-- Exercise objective --
Every line below must be copied as written, except for pictures.

[Recorded data]
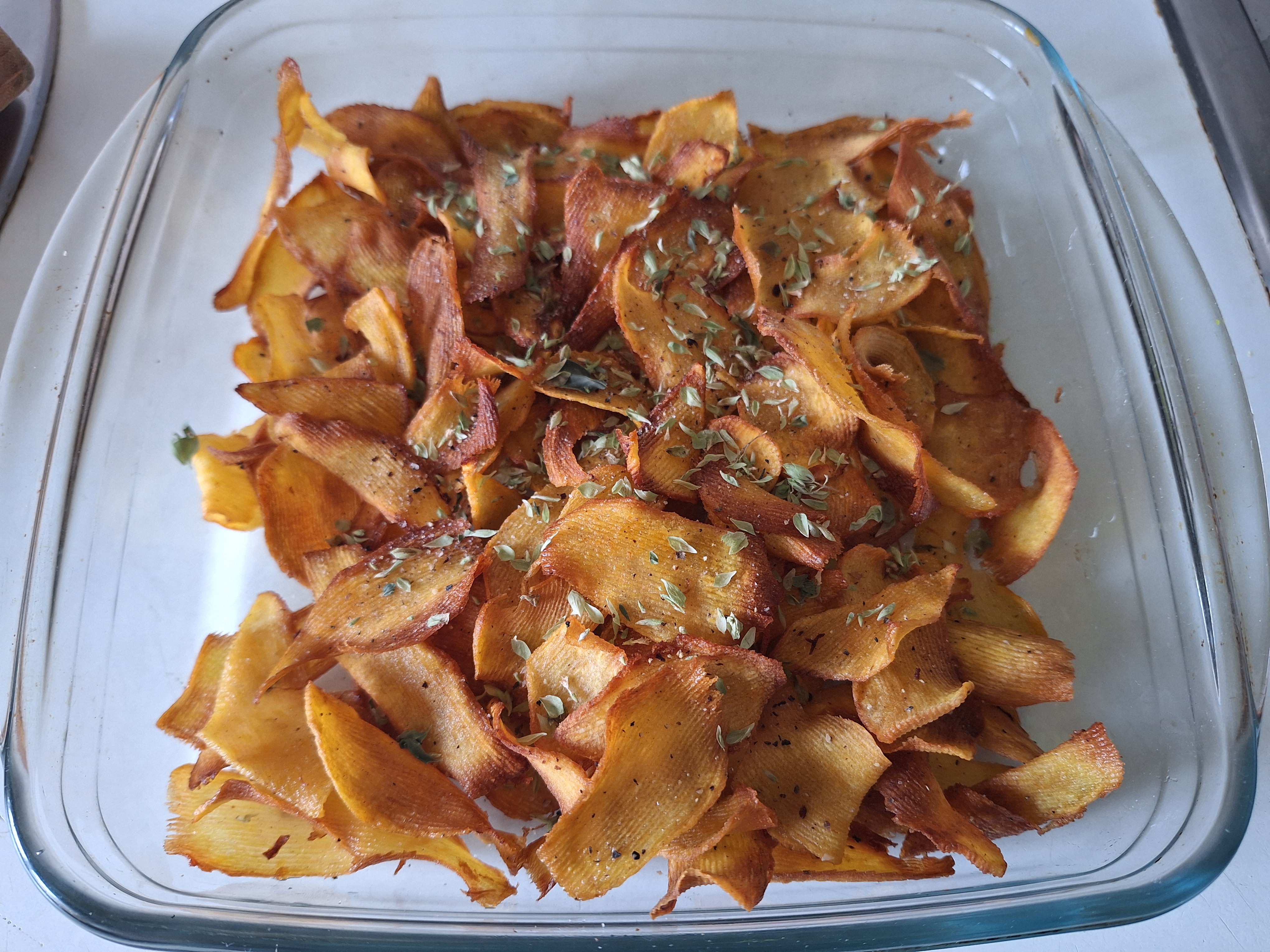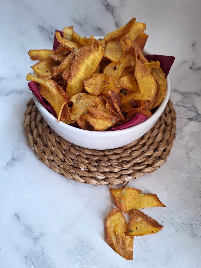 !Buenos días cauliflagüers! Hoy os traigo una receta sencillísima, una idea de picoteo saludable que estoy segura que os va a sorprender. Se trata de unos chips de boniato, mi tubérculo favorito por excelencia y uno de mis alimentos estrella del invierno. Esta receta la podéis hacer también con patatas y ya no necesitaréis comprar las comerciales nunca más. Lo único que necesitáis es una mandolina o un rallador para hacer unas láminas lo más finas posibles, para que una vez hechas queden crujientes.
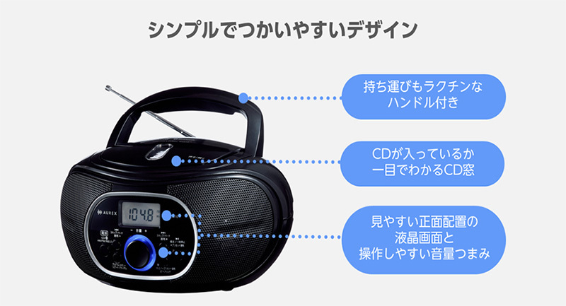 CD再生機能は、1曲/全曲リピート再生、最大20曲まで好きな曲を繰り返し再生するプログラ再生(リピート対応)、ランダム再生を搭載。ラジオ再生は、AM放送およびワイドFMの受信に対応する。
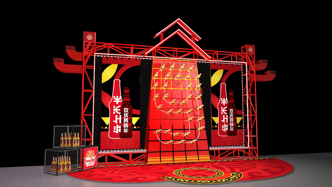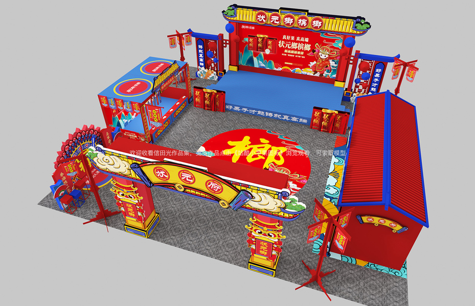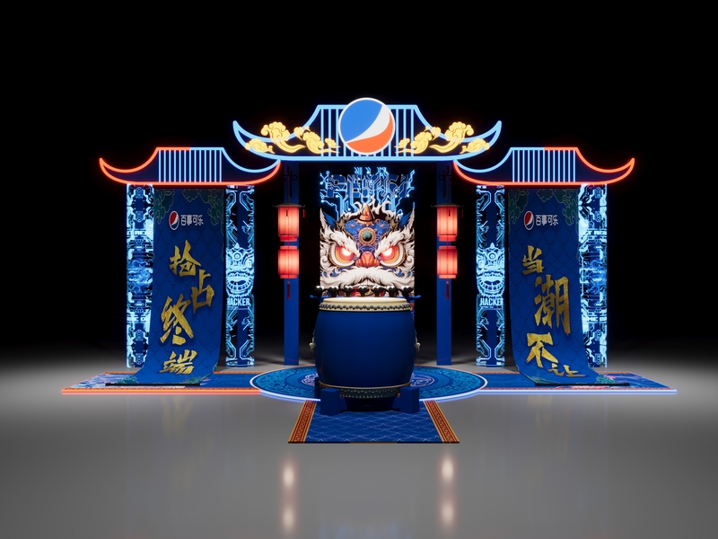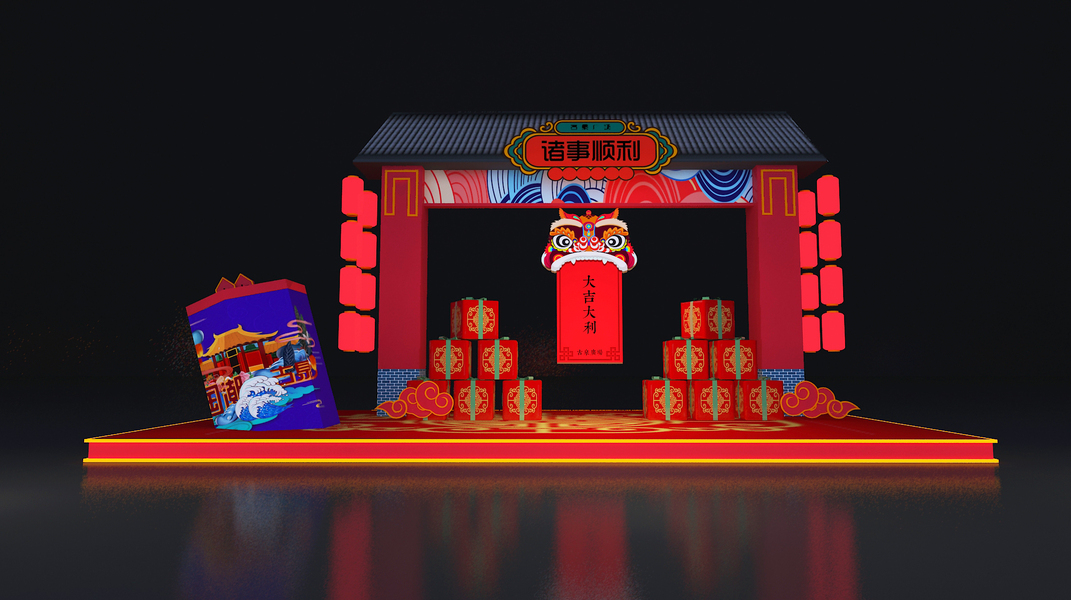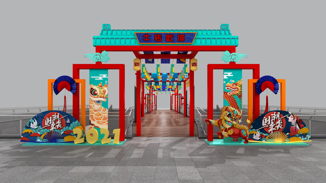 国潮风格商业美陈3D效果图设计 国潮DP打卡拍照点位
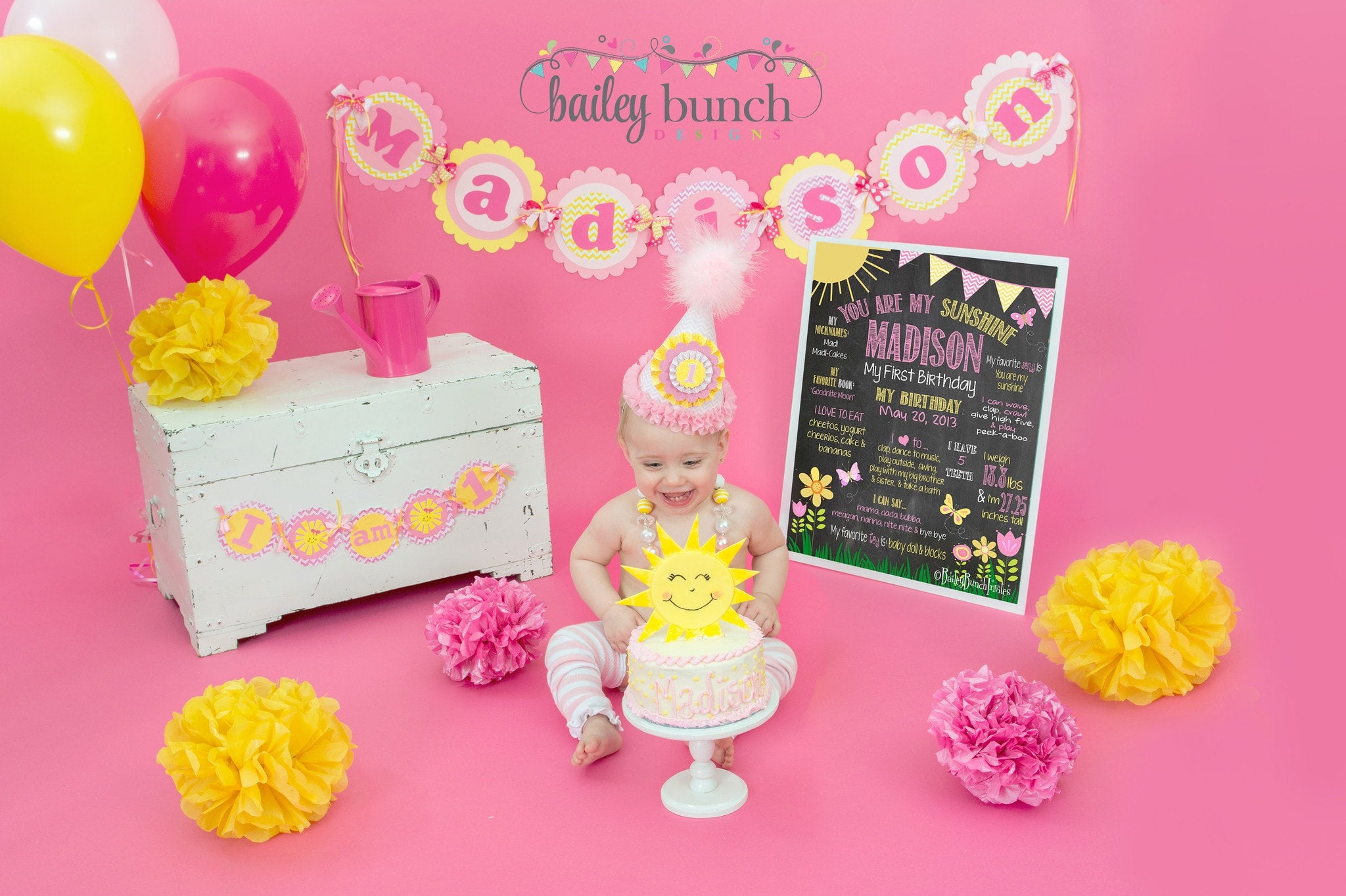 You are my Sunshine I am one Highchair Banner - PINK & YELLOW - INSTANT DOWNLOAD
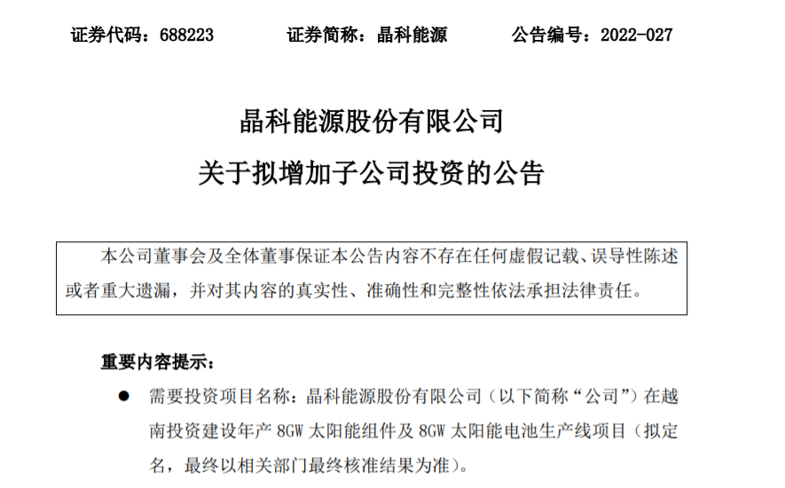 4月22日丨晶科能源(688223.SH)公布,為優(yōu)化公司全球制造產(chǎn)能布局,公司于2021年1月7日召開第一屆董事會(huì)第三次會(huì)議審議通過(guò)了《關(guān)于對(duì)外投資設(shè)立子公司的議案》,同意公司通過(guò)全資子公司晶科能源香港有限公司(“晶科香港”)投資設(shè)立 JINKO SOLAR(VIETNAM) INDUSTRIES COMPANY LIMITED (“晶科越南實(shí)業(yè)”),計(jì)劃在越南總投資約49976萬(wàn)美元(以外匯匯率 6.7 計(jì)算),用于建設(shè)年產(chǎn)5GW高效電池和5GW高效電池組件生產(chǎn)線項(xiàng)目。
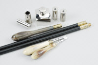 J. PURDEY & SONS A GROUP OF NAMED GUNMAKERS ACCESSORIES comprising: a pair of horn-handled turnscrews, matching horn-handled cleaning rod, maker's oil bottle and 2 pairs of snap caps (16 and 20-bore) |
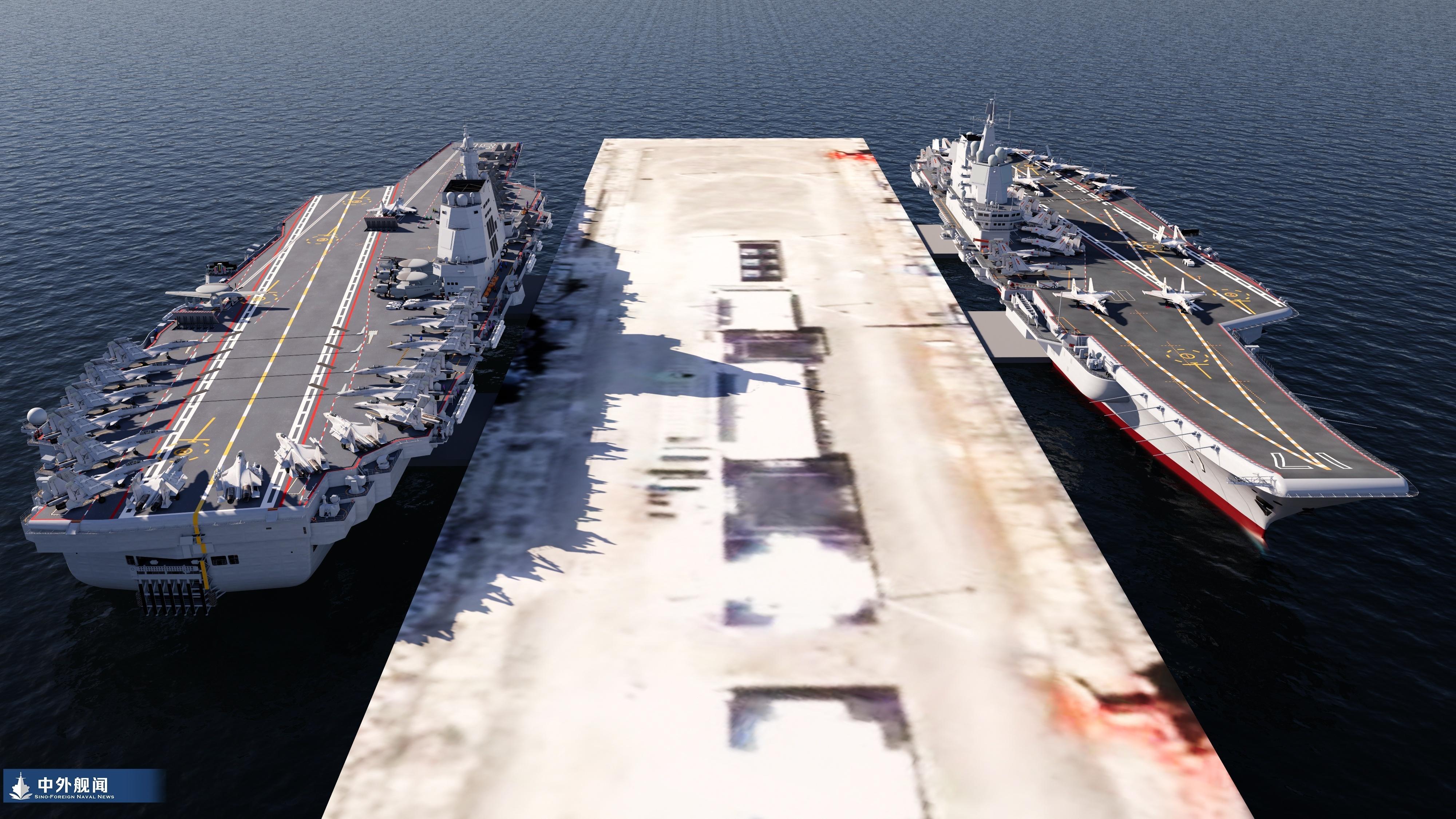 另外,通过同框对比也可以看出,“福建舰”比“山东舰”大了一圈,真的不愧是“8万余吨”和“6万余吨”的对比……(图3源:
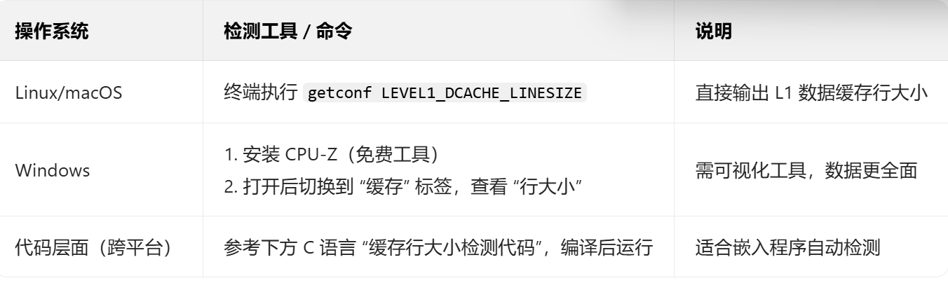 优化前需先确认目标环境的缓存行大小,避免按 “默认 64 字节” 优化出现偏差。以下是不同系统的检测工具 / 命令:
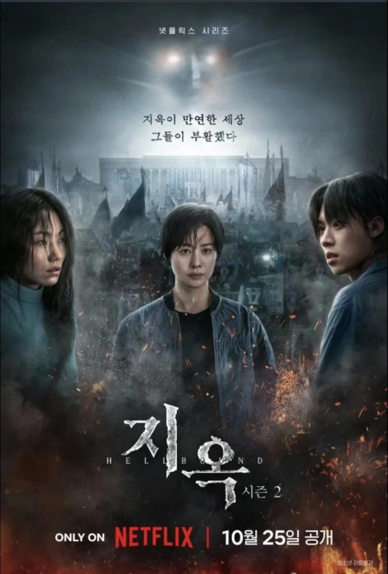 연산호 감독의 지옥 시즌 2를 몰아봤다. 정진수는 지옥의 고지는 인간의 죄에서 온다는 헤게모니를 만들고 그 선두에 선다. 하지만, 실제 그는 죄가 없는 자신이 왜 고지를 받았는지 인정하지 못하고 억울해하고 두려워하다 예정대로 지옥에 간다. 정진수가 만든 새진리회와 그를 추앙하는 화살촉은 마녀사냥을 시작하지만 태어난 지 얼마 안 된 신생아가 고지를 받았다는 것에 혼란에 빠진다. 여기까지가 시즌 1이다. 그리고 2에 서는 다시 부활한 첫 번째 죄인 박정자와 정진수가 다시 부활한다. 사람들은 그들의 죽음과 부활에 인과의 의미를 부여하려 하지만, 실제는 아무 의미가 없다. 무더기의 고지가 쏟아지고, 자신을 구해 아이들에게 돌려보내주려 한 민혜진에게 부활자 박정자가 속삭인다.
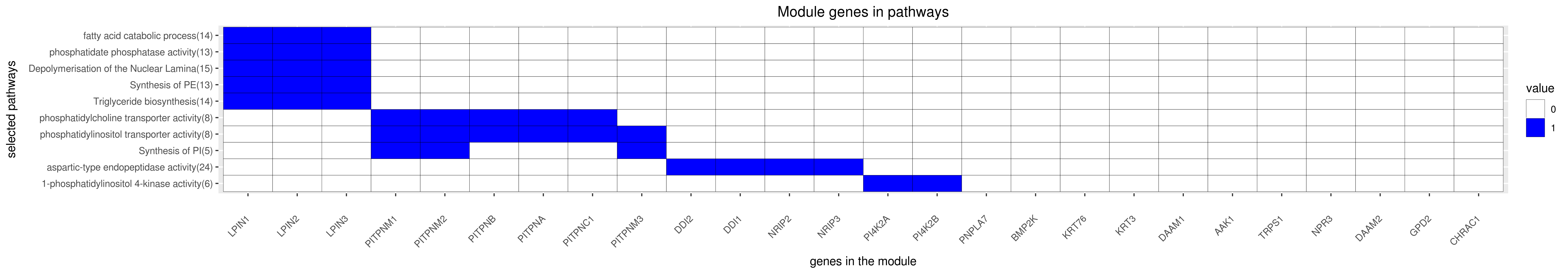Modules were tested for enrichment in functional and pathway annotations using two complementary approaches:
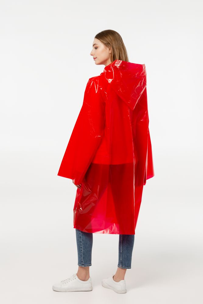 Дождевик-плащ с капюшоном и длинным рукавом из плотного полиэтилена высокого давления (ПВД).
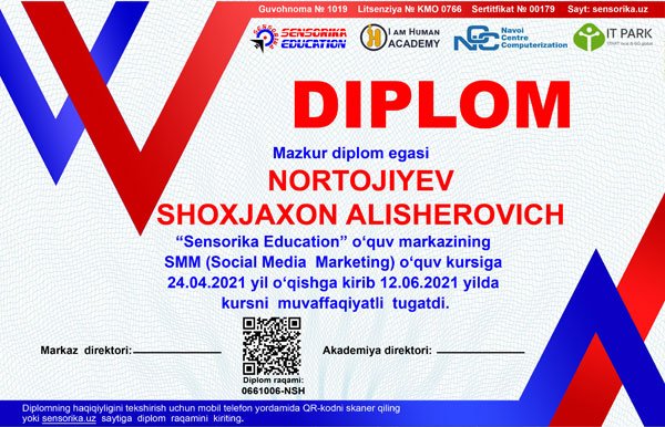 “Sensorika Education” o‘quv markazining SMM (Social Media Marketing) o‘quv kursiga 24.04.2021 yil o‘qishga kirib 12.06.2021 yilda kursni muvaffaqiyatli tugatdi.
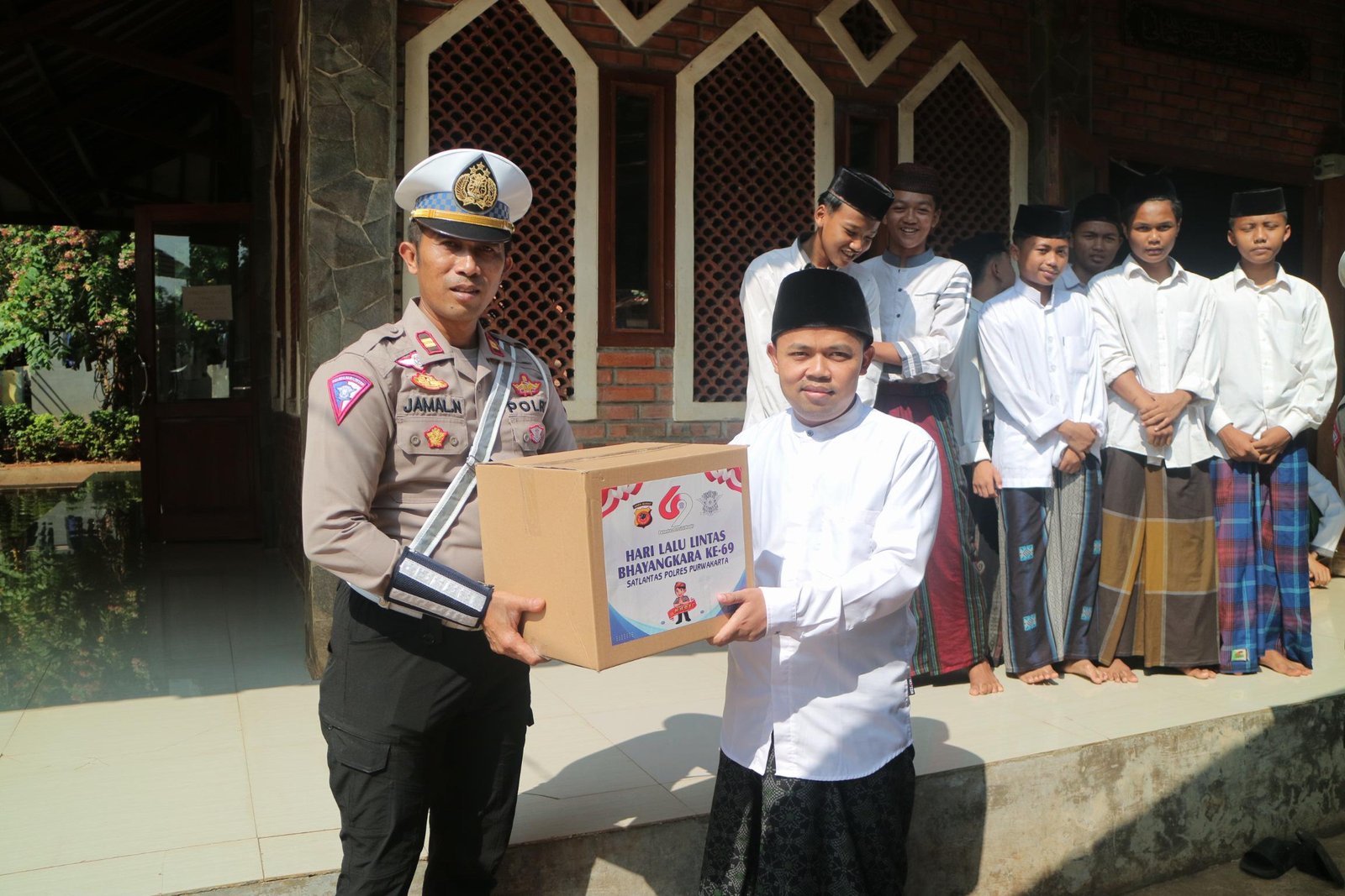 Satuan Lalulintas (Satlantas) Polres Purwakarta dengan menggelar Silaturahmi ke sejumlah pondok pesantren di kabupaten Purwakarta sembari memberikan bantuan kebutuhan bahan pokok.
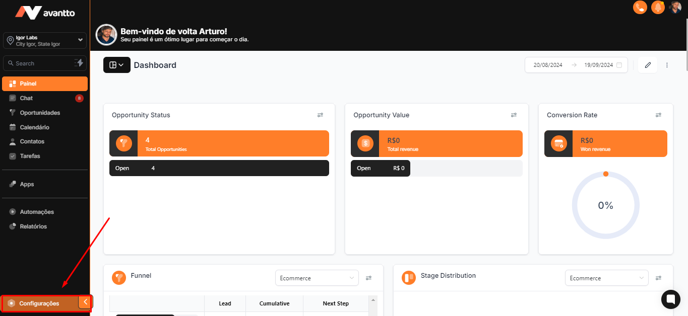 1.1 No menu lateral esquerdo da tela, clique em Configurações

-- Output of the task --
 !Buenos días cauliflagüers! Hoy os traigo una receta sencillísima, una idea de picoteo saludable que estoy segura que os va a sorprender. Se trata de unos chips de boniato, mi tubérculo favorito por excelencia y uno de mis alimentos estrella del invierno. Esta receta la podéis hacer también con patatas y ya no necesitaréis comprar las comerciales nunca más. Lo único que necesitáis es una mandolina o un rallador para hacer unas láminas lo más finas posibles, para que una vez hechas queden crujientes.
 CD再生機能は、1曲/全曲リピート再生、最大20曲まで好きな曲を繰り返し再生するプログラ再生(リピート対応)、ランダム再生を搭載。ラジオ再生は、AM放送およびワイドFMの受信に対応する。
 国潮风格商业美陈3D效果图设计 国潮DP打卡拍照点位
 You are my Sunshine I am one Highchair Banner - PINK & YELLOW - INSTANT DOWNLOAD
 4月22日丨晶科能源(688223.SH)公布,為優(yōu)化公司全球制造產(chǎn)能布局,公司于2021年1月7日召開第一屆董事會(huì)第三次會(huì)議審議通過(guò)了《關(guān)于對(duì)外投資設(shè)立子公司的議案》,同意公司通過(guò)全資子公司晶科能源香港有限公司(“晶科香港”)投資設(shè)立 JINKO SOLAR(VIETNAM) INDUSTRIES COMPANY LIMITED (“晶科越南實(shí)業(yè)”),計(jì)劃在越南總投資約49976萬(wàn)美元(以外匯匯率 6.7 計(jì)算),用于建設(shè)年產(chǎn)5GW高效電池和5GW高效電池組件生產(chǎn)線項(xiàng)目。
 J. PURDEY & SONS A GROUP OF NAMED GUNMAKERS ACCESSORIES comprising: a pair of horn-handled turnscrews, matching horn-handled cleaning rod, maker's oil bottle and 2 pairs of snap caps (16 and 20-bore) |
 另外,通过同框对比也可以看出,“福建舰”比“山东舰”大了一圈,真的不愧是“8万余吨”和“6万余吨”的对比……(图3源:
 优化前需先确认目标环境的缓存行大小,避免按 “默认 64 字节” 优化出现偏差。以下是不同系统的检测工具 / 命令:
 연산호 감독의 지옥 시즌 2를 몰아봤다. 정진수는 지옥의 고지는 인간의 죄에서 온다는 헤게모니를 만들고 그 선두에 선다. 하지만, 실제 그는 죄가 없는 자신이 왜 고지를 받았는지 인정하지 못하고 억울해하고 두려워하다 예정대로 지옥에 간다. 정진수가 만든 새진리회와 그를 추앙하는 화살촉은 마녀사냥을 시작하지만 태어난 지 얼마 안 된 신생아가 고지를 받았다는 것에 혼란에 빠진다. 여기까지가 시즌 1이다. 그리고 2에 서는 다시 부활한 첫 번째 죄인 박정자와 정진수가 다시 부활한다. 사람들은 그들의 죽음과 부활에 인과의 의미를 부여하려 하지만, 실제는 아무 의미가 없다. 무더기의 고지가 쏟아지고, 자신을 구해 아이들에게 돌려보내주려 한 민혜진에게 부활자 박정자가 속삭인다.
Modules were tested for enrichment in functional and pathway annotations using two complementary approaches:
 Дождевик-плащ с капюшоном и длинным рукавом из плотного полиэтилена высокого давления (ПВД).
 “Sensorika Education” o‘quv markazining SMM (Social Media Marketing) o‘quv kursiga 24.04.2021 yil o‘qishga kirib 12.06.2021 yilda kursni muvaffaqiyatli tugatdi.
 Satuan Lalulintas (Satlantas) Polres Purwakarta dengan menggelar Silaturahmi ke sejumlah pondok pesantren di kabupaten Purwakarta sembari memberikan bantuan kebutuhan bahan pokok.
 1.1 No menu lateral esquerdo da tela, clique em Configurações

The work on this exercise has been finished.